### Records for the exercise
++++

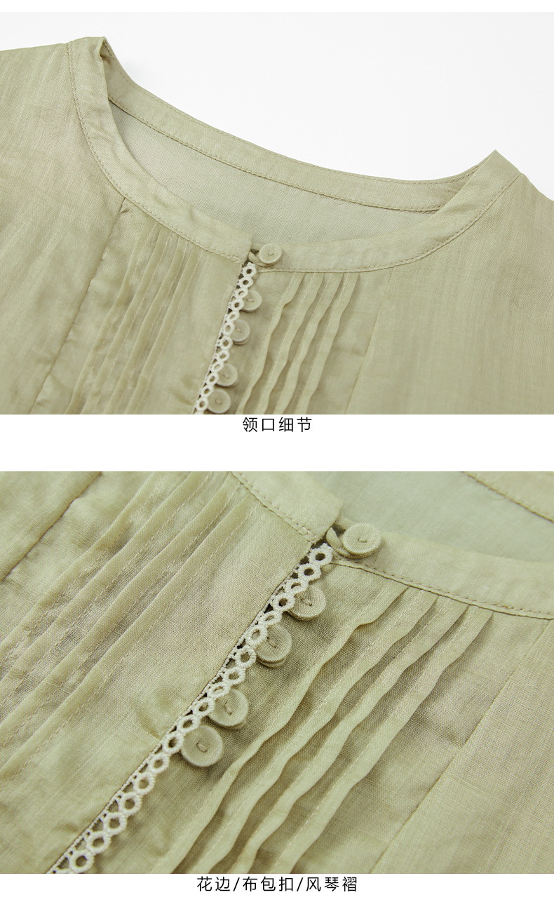 HM-C032夏季新款纯苎麻旅行文艺连衣裙花边灯笼短袖宽松怀旧复古袍子
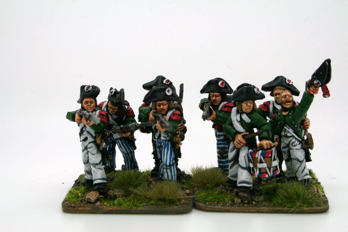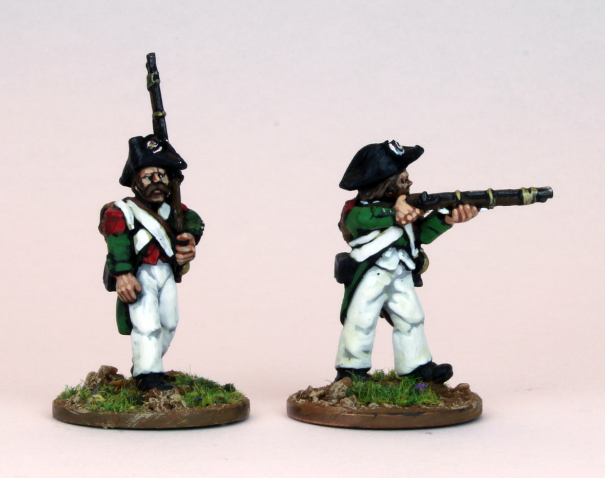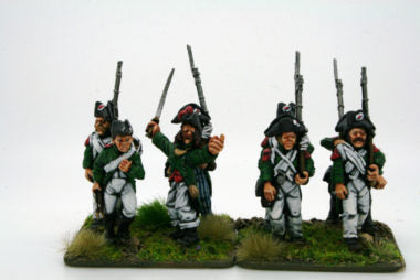 The gallery pictures show the figures used with French command figures from packs FLi05 and Fli11. The Austrian Battalion was formed by Napoleon and shipped off to St. Dominguez as part of the invasion force in 1802 sent out to the Caribbean, with a strength of 1000+. It fought well, but by Autumn had been reduced to less than 200 men. The uniform style is identical to French Ligne fusiliers, but with epaulettes. The coat colour was green, with green collar& cuffs. Epaulettes were red, waistcoat & trousers white. All the officers and half the NCo’s were French.
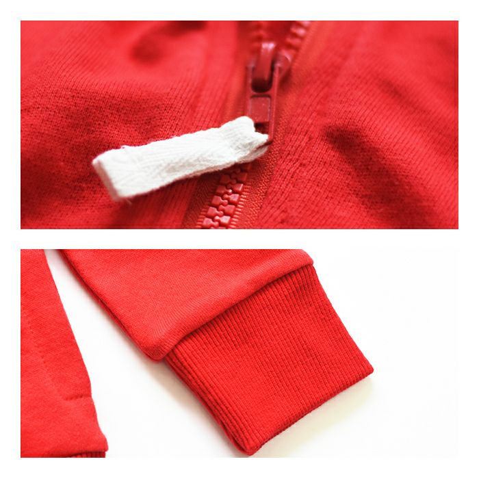 着丈:45cm 裄丈:62cm 身幅:40cm 袖口:10cm 裾幅:33cm アームホール:17cm フード高さ:22cm フード幅:28cm
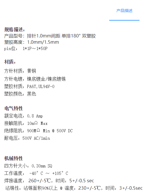 1.0mm间距排针连接器-单排180° 双塑胶
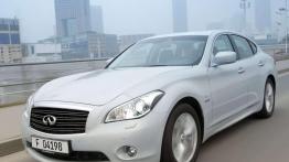 Limuzynę M wprowadzono na rynek przed rokiem. Masywny samochód o linii mającej zbliżać go do sportowych aut i wnętrzu wykończonym z niemal zegarmistrzowską precyzją był dotąd dostępny w dwóch dynamicznych wersjach. Teraz wprowadzono trzecią, która łączy benzynowy silnik 3,4 V6 o mocy 306 KM i silnik elektryczny dysponujący mocą 68 KM w hybrydowy układ, który ma w sumie moc 364 KM. Samochód ma także do dyspozycji spory moment obrotowy, bo dla silnika benzynowego maksimum to 350 Nm, a dla jednostki elektrycznej 270 Nm. Dzięki temu hybryda jest najmocniejszą wersją M. Nic więc dziwnego, że jest także najbardziej dynamiczna – podczas gdy turbodiesel o mocy 238 KM rozpędza Infiniti M do 100 km/h w 6,9 sekundy, a trzystudwudziestokonne benzynowe V6 w 6,2 sekundy hybrydzie wystarcza 5,5 sekundy!
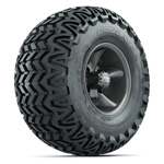 GTW Spyder Machined/ Matte Grey 10 in Wheels with 22x10-10 Timberwolf All Terrain Tires – Set of 4
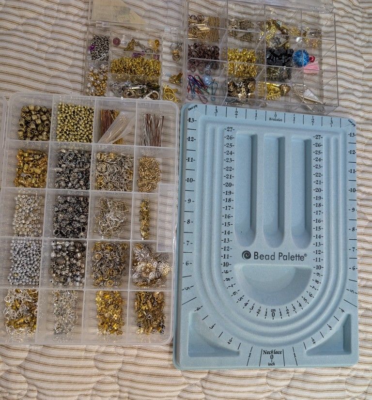 Silver and gold plated clasps, jump rings, ear wires, pins etc. Most of it was purchased at Joann Fabrics when they were still in business.
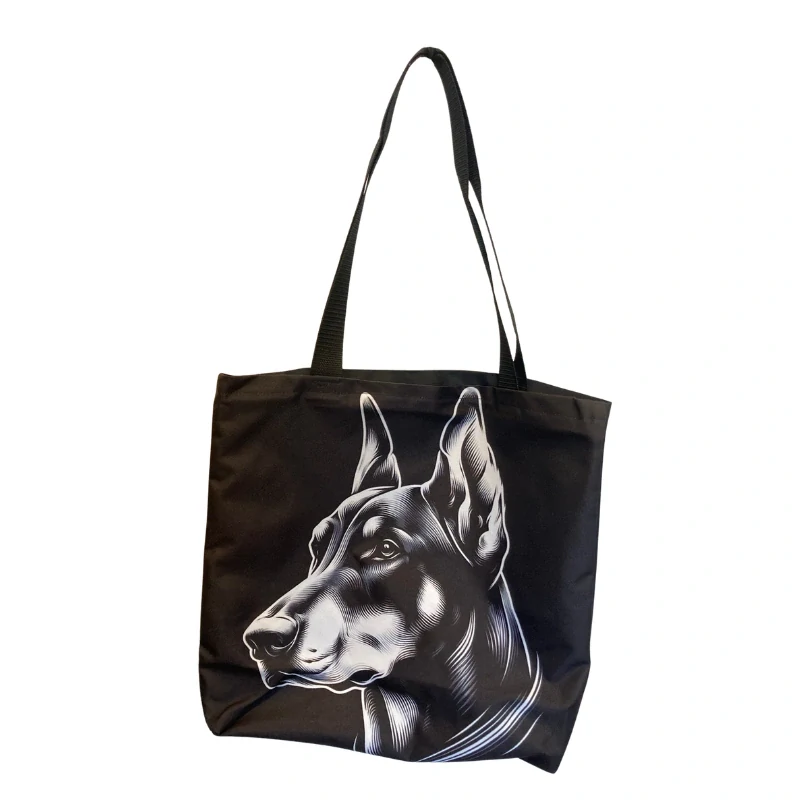 Taška je ušitá z kvalitní černé kočárkoviny, která je pevná, odolná a drží tvar. Velikost 42 × 42 cm poskytuje dostatek prostoru na nákup, věci do práce nebo výbavu na trénink. Dvě pevná ucha umožňují pohodlné nošení na rameni i v ruce. Motiv dobrmana je vytištěn tak, aby působil silně, elegantně a s typickou noblesou — přesně jako samotné plemeno.
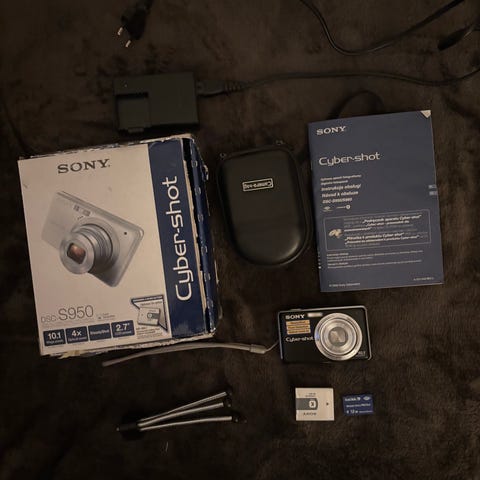 Sony digitalkamera Cyber-schot 5,0 mega Pixel mycket sparsamt använd bara någon gång, instruktionsbok, 2 laddare batterier på 2100 w kabel att koppla till dator eller surfplatta samt 2 st memorera stick på 16MB inkl, väska.
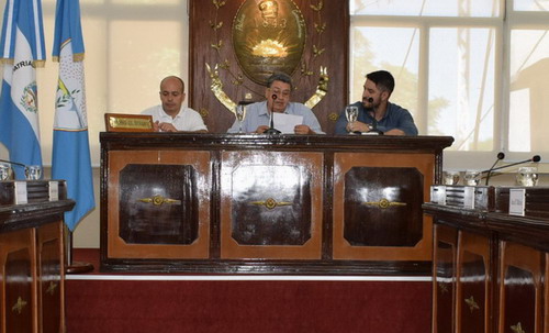 La sesión estuvo presidida en primera instancia por Carlos Luis Gatti, quien, luego de llamar a los conejales Sergio Cettour y Wilfredo Collinet para que icen la Bandera Nacional, como es de rigor convocó al edil de más edad, Aristóbulo Marticorena, para que presida, y al más joven, el propio Collinet, para que lo secunde en el estrado junto al inefable Fabián Hachen, prosecretario del Cuerpo.
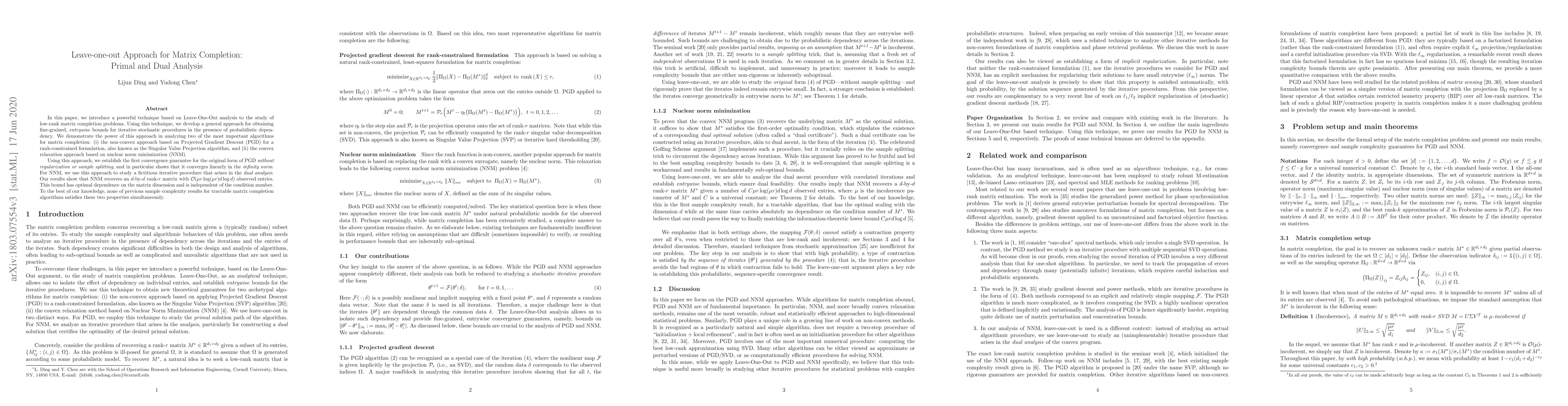 This paper introduces a Leave-one-out analysis technique to study low-rank matrix completion, providing fine-grained entrywise bounds for stochastic procedures. It establishes the first linear convergence guarantee for the original Projected Gradient Descent algorithm and presents an optimal sample complexity result for nuclear norm minimization, independent of the condition number.
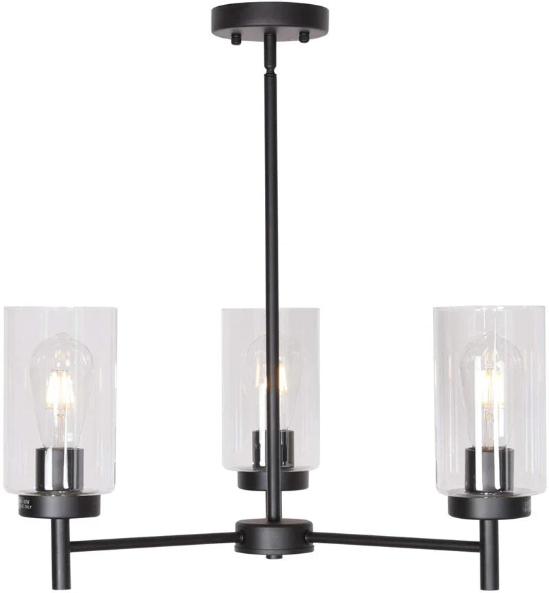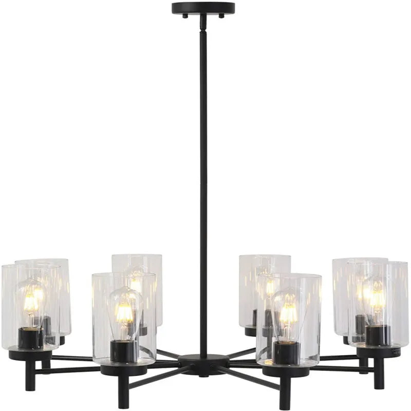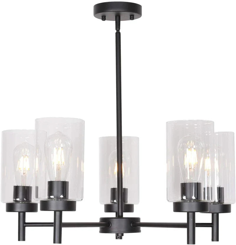 Constructed with high-quality iron material and finished with a sleek iron finish, this chandelier is durable and built to last. The E27 base type makes installation simple with a semiflush mount design for a seamless look.
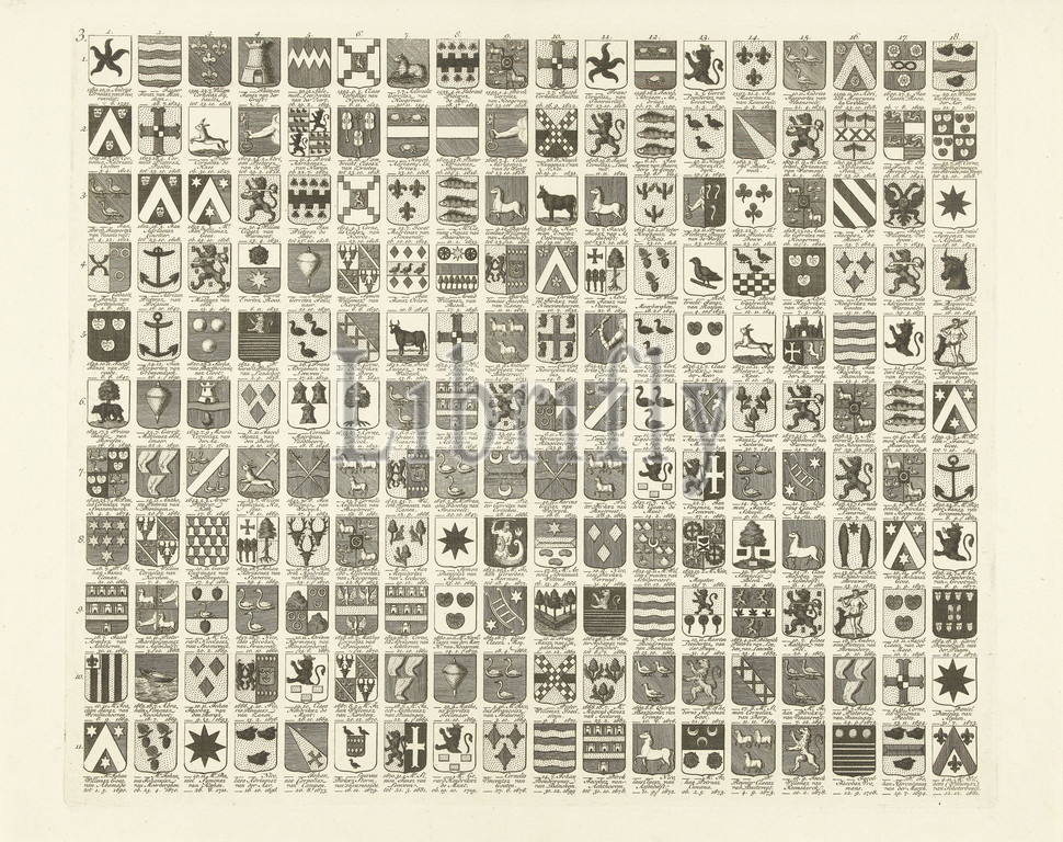 Weapon card with the weapons and names of the forty lords of the city of Leiden. gentlemen forty from the city of Leiden. Third print from series of four weapons cards with title page, register and assignment, offered to the mayors and rulers of the city of Leiden, Leiden, Abraham Delfos, 1758, paper, engraving, h 376 mm × w 446 mm
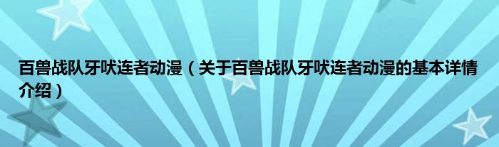 百兽战队牙吠连者动漫(关于百兽战队牙吠连者动漫的基本详情介绍)
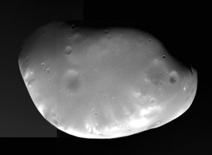 Stickney, der das Aussehen des Mondes dominiert. Wie man außerdem sieht, ist trotz der geringen Schwerkraft auf diesem kleinen Mond (etwa 1/1000 der Erdschwerkraft) der Staub vom Kraterrand von Stickney im Laufe der Jahrmillionen in den Krater hineingezogen worden. Die Originalveröffentlichung ist hier. |
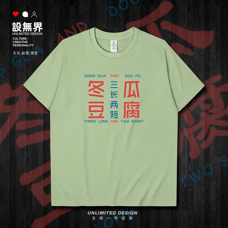 粤语冬瓜豆腐三长两短广东白话创意纯棉短袖 无界 T恤男女夏定制设

++++

### Your objective
Copy out exactly the lines above beginning with the line that contains "Limuzynę M wprowadzono" and finishing with the line that contains "Sony digitalkamera Cyber-schot", including both; leave the pictures out.

### Response to the exercise
 Limuzynę M wprowadzono na rynek przed rokiem. Masywny samochód o linii mającej zbliżać go do sportowych aut i wnętrzu wykończonym z niemal zegarmistrzowską precyzją był dotąd dostępny w dwóch dynamicznych wersjach. Teraz wprowadzono trzecią, która łączy benzynowy silnik 3,4 V6 o mocy 306 KM i silnik elektryczny dysponujący mocą 68 KM w hybrydowy układ, który ma w sumie moc 364 KM. Samochód ma także do dyspozycji spory moment obrotowy, bo dla silnika benzynowego maksimum to 350 Nm, a dla jednostki elektrycznej 270 Nm. Dzięki temu hybryda jest najmocniejszą wersją M. Nic więc dziwnego, że jest także najbardziej dynamiczna – podczas gdy turbodiesel o mocy 238 KM rozpędza Infiniti M do 100 km/h w 6,9 sekundy, a trzystudwudziestokonne benzynowe V6 w 6,2 sekundy hybrydzie wystarcza 5,5 sekundy!
 GTW Spyder Machined/ Matte Grey 10 in Wheels with 22x10-10 Timberwolf All Terrain Tires – Set of 4
 Silver and gold plated clasps, jump rings, ear wires, pins etc. Most of it was purchased at Joann Fabrics when they were still in business.
 Taška je ušitá z kvalitní černé kočárkoviny, která je pevná, odolná a drží tvar. Velikost 42 × 42 cm poskytuje dostatek prostoru na nákup, věci do práce nebo výbavu na trénink. Dvě pevná ucha umožňují pohodlné nošení na rameni i v ruce. Motiv dobrmana je vytištěn tak, aby působil silně, elegantně a s typickou noblesou — přesně jako samotné plemeno.
 Sony digitalkamera Cyber-schot 5,0 mega Pixel mycket sparsamt använd bara någon gång, instruktionsbok, 2 laddare batterier på 2100 w kabel att koppla till dator eller surfplatta samt 2 st memorera stick på 16MB inkl, väska.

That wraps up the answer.